### TASK ITEM:
Exact reproduction of the listing is required. Pictures are not reproduced.
━━━ DATA SEGMENT
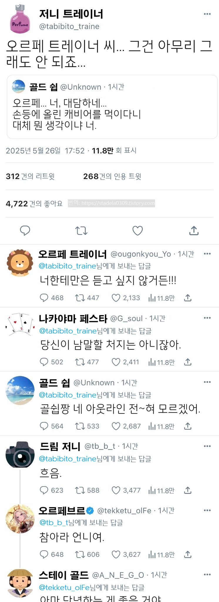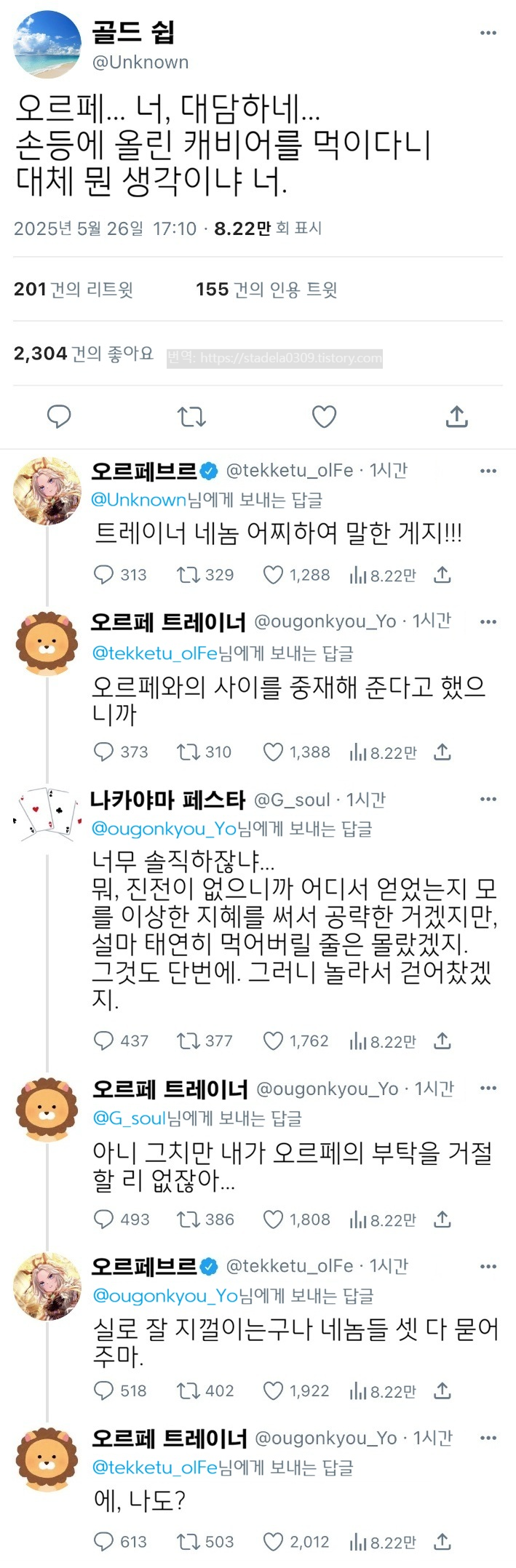 | 【우마무스메 Twitter풍】 하이드라의 장난감 상자입니다. 이번에는 마시멜로를 받고 쓴 '대담하게 공격했지만 역으로 당한 오르페'입니다. 스테고가 와서 달아오른 와중에, 오랜만에 약한 오르페를 즐겨주시길. 그러면 부디. 「진흙탕 싸움 (mudslinging)」 - ハイドラの玩具箱, 2026년 05월 26일 게재 - 출처: https://x.com/hydelanderbox/status/1926926280974540829 |
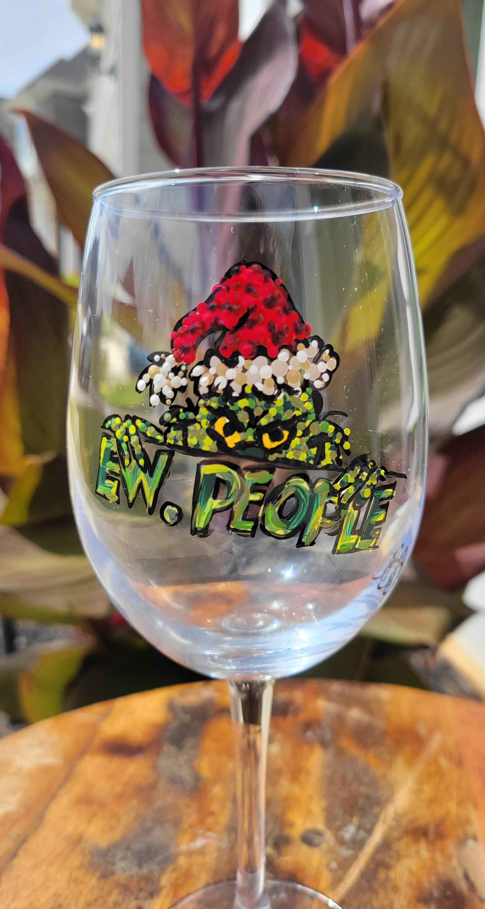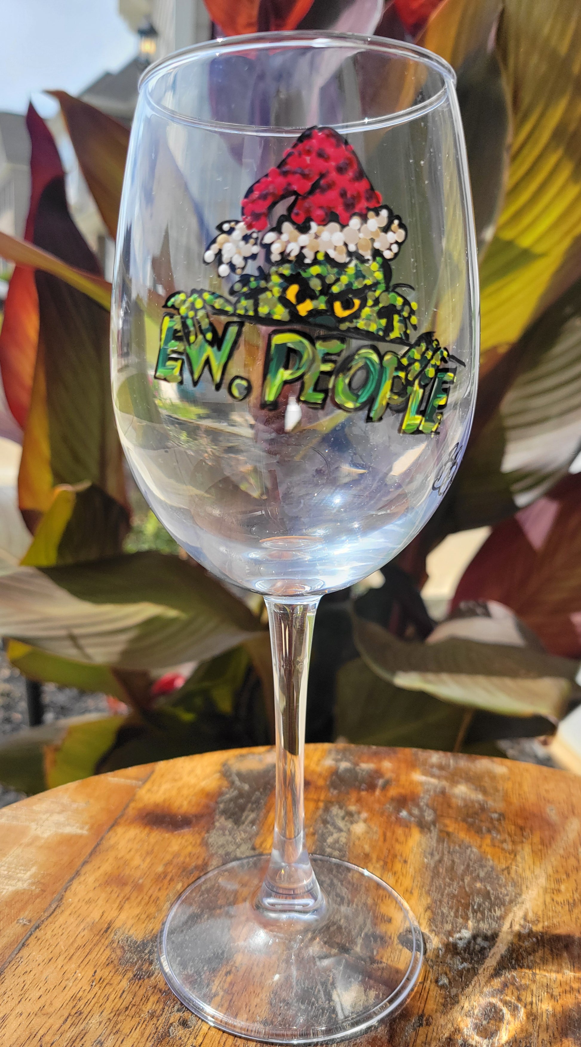 This hand painted wine glass features the Grinch and the phrase "Ew People." Perfect for the holiday season or any occasion, this unique glass adds a touch of humor to your drinkware collection. Made with quality and care, it's a must-have for any fan of the beloved Christmas character. Cheers to the Grinch and avoiding people!
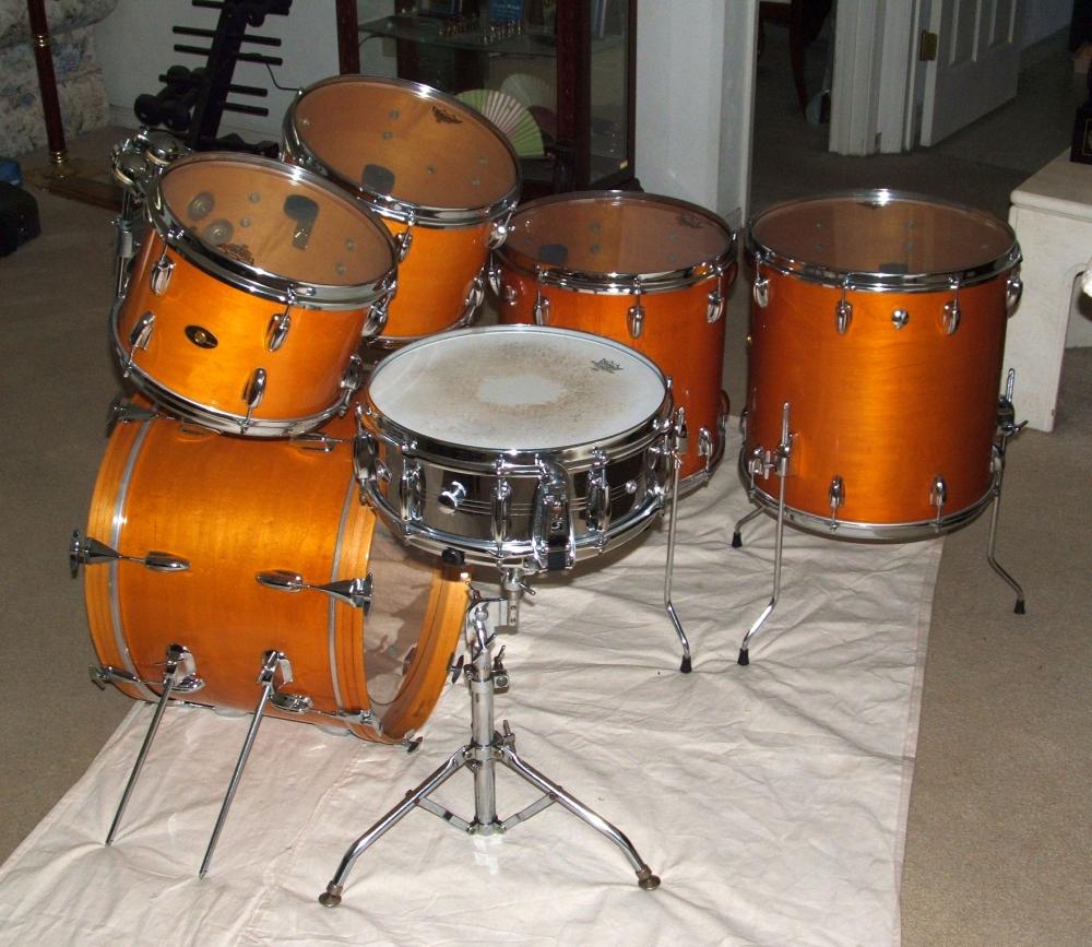 Fortunately, I can answer some of those questions as I am the original owner of these drums. I purchased them on special order back in December 1976 and basically it’s a 50N model with the following upgrades and/or changes: Super Set-o-matic holder, Buddy Rich snare, 20” bass drum and an extra 14” floor tom. You might be amused to hear how the company rep gave me this story about some new shells they were offering called “pro shells” that were available for a small extra charge. I can still see him putting his hands up as if he were caressing a beach ball as he described how the shells were glued up under pressure and heat. In my as yet not fully-developed brain I said to myself: “no rings – must be strong, heavy - that's good, pro shell - Buddy must play these…me likey!” When other people would comment on how they sounded I would say: “well, that’s because they’re special order drums with special shells – not many people have them!”
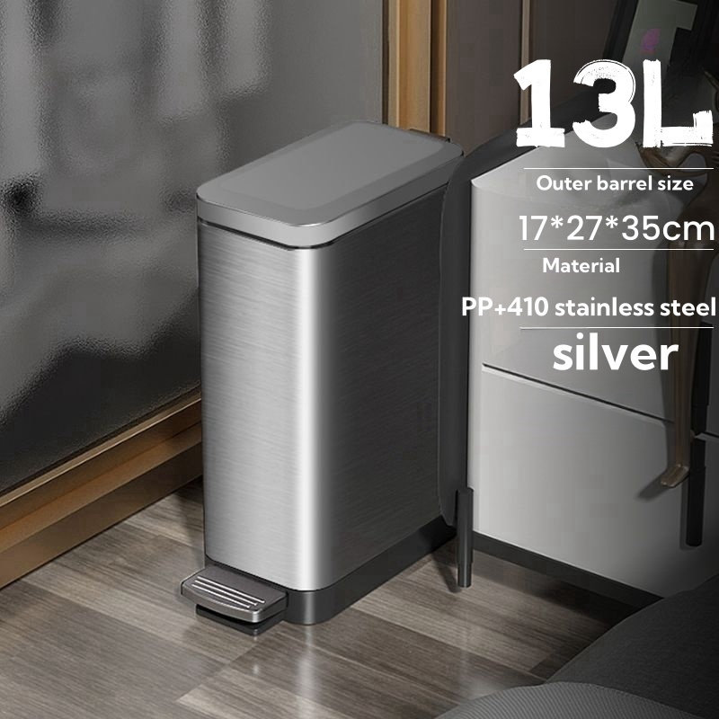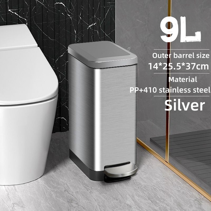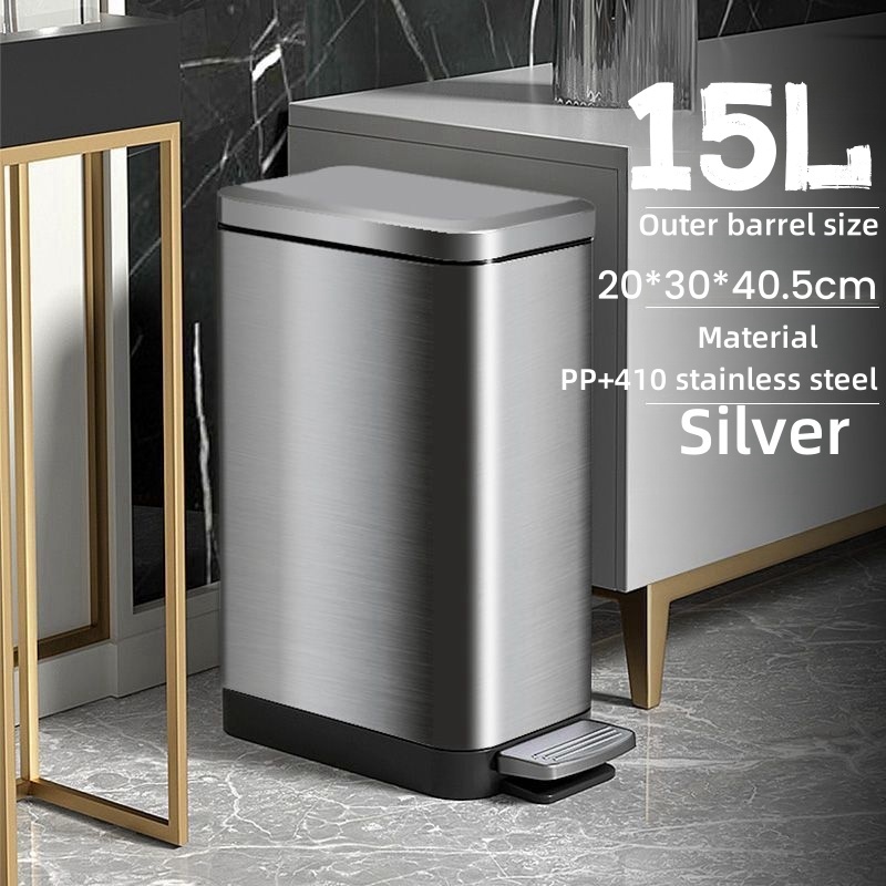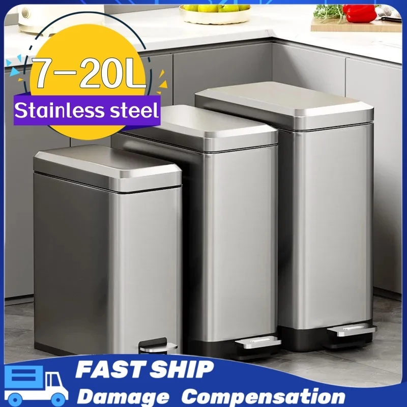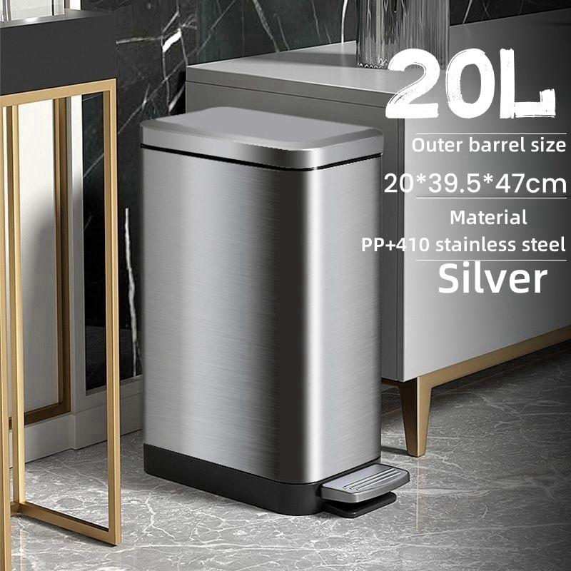 7-20L Stainless steel Pedal Trash Can Household Living Room Bathroom Kitchen Trash bin with Lid
━━━━━━
### RESPONSE AREA:
 | 【우마무스메 Twitter풍】 하이드라의 장난감 상자입니다. 이번에는 마시멜로를 받고 쓴 '대담하게 공격했지만 역으로 당한 오르페'입니다. 스테고가 와서 달아오른 와중에, 오랜만에 약한 오르페를 즐겨주시길. 그러면 부디. 「진흙탕 싸움 (mudslinging)」 - ハイドラの玩具箱, 2026년 05월 26일 게재 - 출처: https://x.com/hydelanderbox/status/1926926280974540829 |
 This hand painted wine glass features the Grinch and the phrase "Ew People." Perfect for the holiday season or any occasion, this unique glass adds a touch of humor to your drinkware collection. Made with quality and care, it's a must-have for any fan of the beloved Christmas character. Cheers to the Grinch and avoiding people!
 Fortunately, I can answer some of those questions as I am the original owner of these drums. I purchased them on special order back in December 1976 and basically it’s a 50N model with the following upgrades and/or changes: Super Set-o-matic holder, Buddy Rich snare, 20” bass drum and an extra 14” floor tom. You might be amused to hear how the company rep gave me this story about some new shells they were offering called “pro shells” that were available for a small extra charge. I can still see him putting his hands up as if he were caressing a beach ball as he described how the shells were glued up under pressure and heat. In my as yet not fully-developed brain I said to myself: “no rings – must be strong, heavy - that's good, pro shell - Buddy must play these…me likey!” When other people would comment on how they sounded I would say: “well, that’s because they’re special order drums with special shells – not many people have them!”
 7-20L Stainless steel Pedal Trash Can Household Living Room Bathroom Kitchen Trash bin with Lid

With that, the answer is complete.